Vinyl Review - 77

Msingi Workshop / S.T. (Band 'n Vocal) '72

『A to Z』にも掲載されたアラン・ロック高校のユニットによる72年の作品。本作も同様に『Mystic Beauty』で有名なレジー・アンドリュースが仕切っているようだが、注目すべきは若き日のパトリース・ラッシェンが参加していること。特に彼女が書いた「You Got It」はハイライトともいえるトラックで、熱くうねりまくるホーンやリズム・セクションとは対照的にどこか涼しげなエレピが印象に残る。ホーンの咆哮とともに腹をえぐるようにドラムが打ち始め、漆黒のジャズ・ファンクへと展開してゆくレジー作「Black Dilemma」もヘヴィ極まりない。

Porno Disco / S.T. (Party) '78

ブロウフライやルディ・レイ・ムーアもタジタジ(?)のエロ全開変態アルバム。なにしろ収録曲も「Star Whores」、「Super Fu*ker」、「Disco Dick」とお下劣タイトルのオンパレードなのだ。メンバーのクレジットはあるものの「Some names may have been changed to protect the guilty」なんて書いてあるので本名じゃないみたい。そこまでしてこのエロ盤を出したかったのか(笑)。内容はうれしくなるほどチープなトラックばかりで、女性シンガーをフィーチャーしたメロウ・ソウル「I Wanna Do It Again」がベスト、いやチーペスト・トラック。

The Parker Brothers / S.T. (Crown Vetch)

一見したところカントリー・ロック?って感じのジャケに騙されてはイケナイ。AORフリークの間で火がつき最近人気急上昇中の隠れ名盤だ。ソウル・フィーリングが滲むクラッキンみたいな「Roller Dancin'」、「スティーリー・ダンでしょ?」ってくらい似ている「Lady Day」、そして一番のお気に入り「Make Believe」はAメロがペイジズでサビがマイケル・マクドナルドみたいなメロウ・チューン等々、“パクリ”とまでは言わないが他から美味しいところを頂いちゃってることは間違いない。AOR界のバーケイズと言ってしまおう(笑)。

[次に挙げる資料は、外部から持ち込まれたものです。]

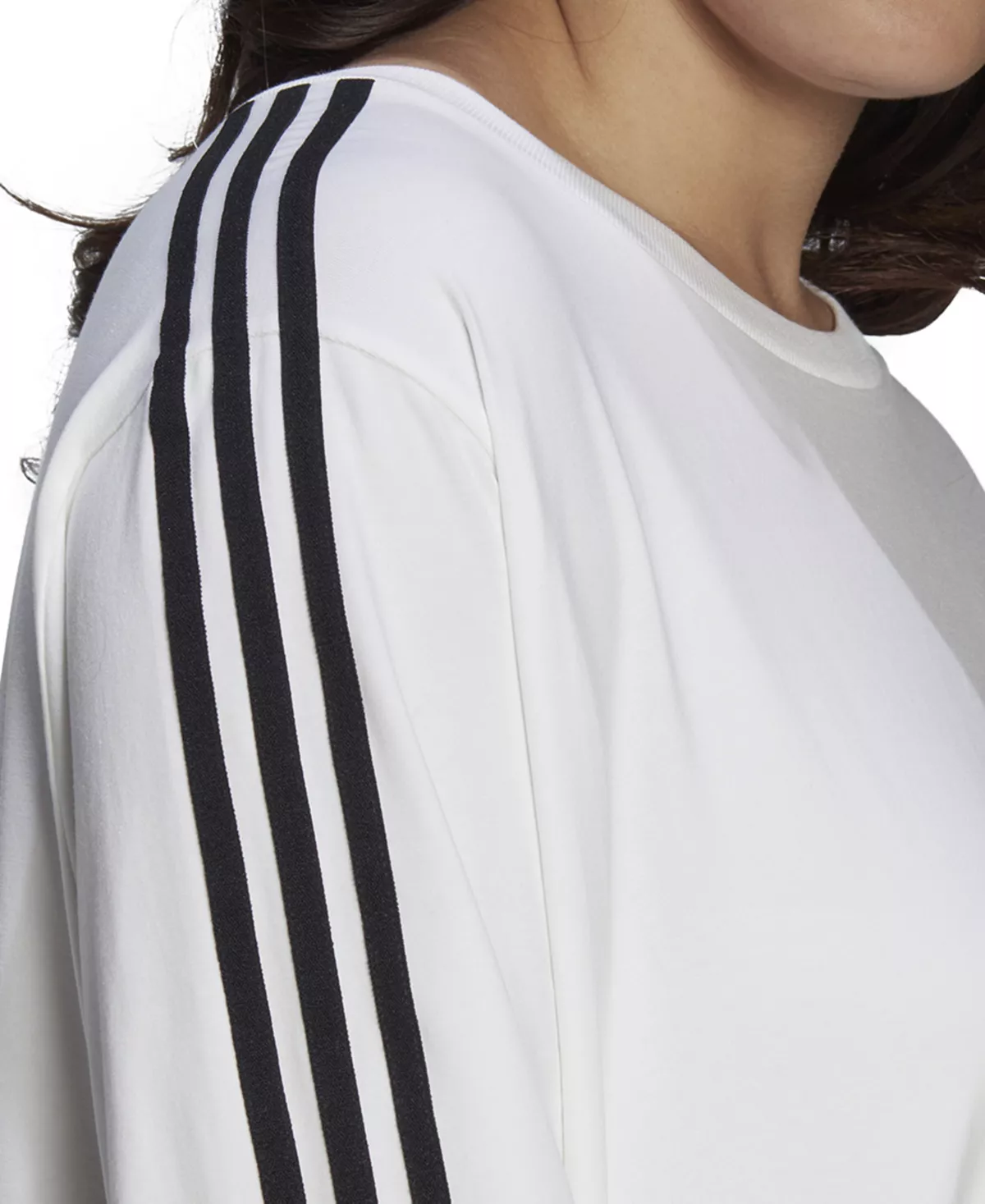 How does a timeless look stay fresh forever? Like this. Styled in fresh cotton, this plus size adidas tee steps out with 3-Stripes on the sleeves and comfy ribbed cuffs. It’s slightly stretchy and helps keep you comfortable no matter what you’ve got planned for the day.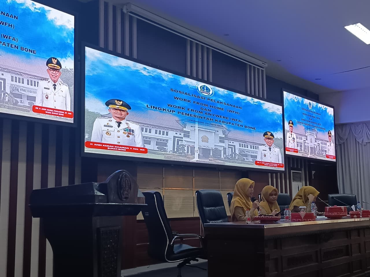 Turut hadir dalam kegiatan ini sejumlah Kepala OPD, Kepala Bagian, Camat, serta tamu undangan lainnya. Kegiatan kemudian dilanjutkan dengan sosialisasi penerapan sistem kerja fleksibel, yakni Work From Home (WFH) dan Work From Anywhere (WFA) sebagai bagian dari upaya peningkatan efektivitas dan efisiensi kinerja aparatur.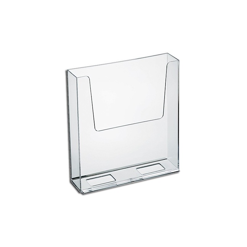 8 5/8" X 9 1/2 " X 1 3/4" Upright letter-size catalog, leaflet, flyer or catalog dispenser. Made of crystal clear styrene. For use on counter or table top.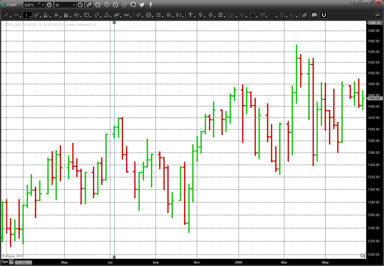 The Fed began raising rates in July 1999 as well. This time, the market pulled back -13% through October 1999. Then, it rallied through the following March. At which time, you probably remember the tech bubble burst. Still, one year out, the market was still up.

Larry & Marilyn / S.T. (Lar Mar) '78

悲しくなるほど情けないジャケのイメージどおり、針を落とすとやっぱりどうしようもなかった。スペイン語曲が混じるポピュラー・ヴォーカルの世界が繰り広げられる。吐き気をもよおしてくるほどのA面を乗り切り、裏面に入るとやっとまともな曲(「Put The Squeeze On Somebody Else!」)が! 他があまりにもヒドいせいかこの程度の曲でもけっこう良く聴こえてしまうから不思議だ。

Dee Ervin / Sings D. Ervin (Signpost) '72

ヴォーカル・グループ、パステルズでリード・ヴォーカルを務めていたDiFosco "Dee" Ervinのソロ・アルバム。内容はサザン・ソウル系のサウンドで個人的にはちょっと苦手。オープニングの「Willie Pass The Water」なんかは、ドラム・ブレイクからベース、パーカス、エレピが入ってきてかなりいい感じのイントロなんだけどなぁ...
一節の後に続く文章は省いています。